California Congressman Adam Schiff is doing a masterful job leading the House Democratic team that is laying out the case against President Donald Trump in the Senate impeachment trial. Always in command of the facts, often eloquent and occasionally quite emotionally effective, Schiff and his colleagues have repeatedly made the point that the nation’s founders who wrote the Constitution were intent on dividing the powers of government between the executive, the legislature and the judiciary to guard against the rise of any form of monarchy akin to the one they had thrown off in the recent revolution. Placing in the hands of the Congress the power to impeach and remove a renegade president was the ultimate expression of this concern.

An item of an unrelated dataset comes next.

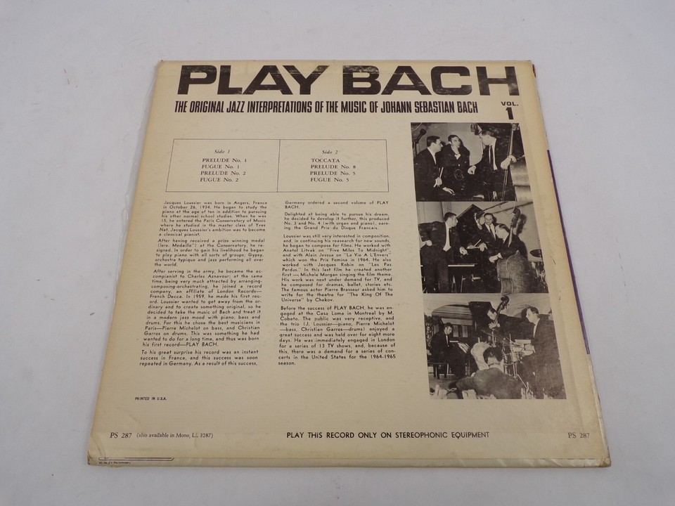 - Featuring: Play Bach The Original Jazz Interpretations Of The Music Of Johann Sebastian Bac - Please review images for details CD is in excellent condition unless otherwise stated - Prelude 1 - Fugue 1 - Prelude 2 - Fugue 2 - Toccata - Prelude 8 - Prelude 5 - Fugue 5

At one point, Schiff read a quote from a letter Alexander Hamilton wrote to George Washington in 1792 in which Hamilton described the sort of populist demagogue he feared could rise up and shatter the foundations of democracy: “…a man unprincipled in private life, desperate in his fortune, bold in his temper… despotic in his ordinary demeanor—known to have scoffed in private at the principles of liberty… when such a man is seen to mount the hobby horse of popularity… it may justly be suspected that his object is to throw things into confusion that he may ride the storm and direct the whirlwind.”
Hamilton well understood the greatest potential threat to the republic he helped invent. In quoting this founding father, Schiff provided a disturbingly prescient portrait of the current occupant of the White House.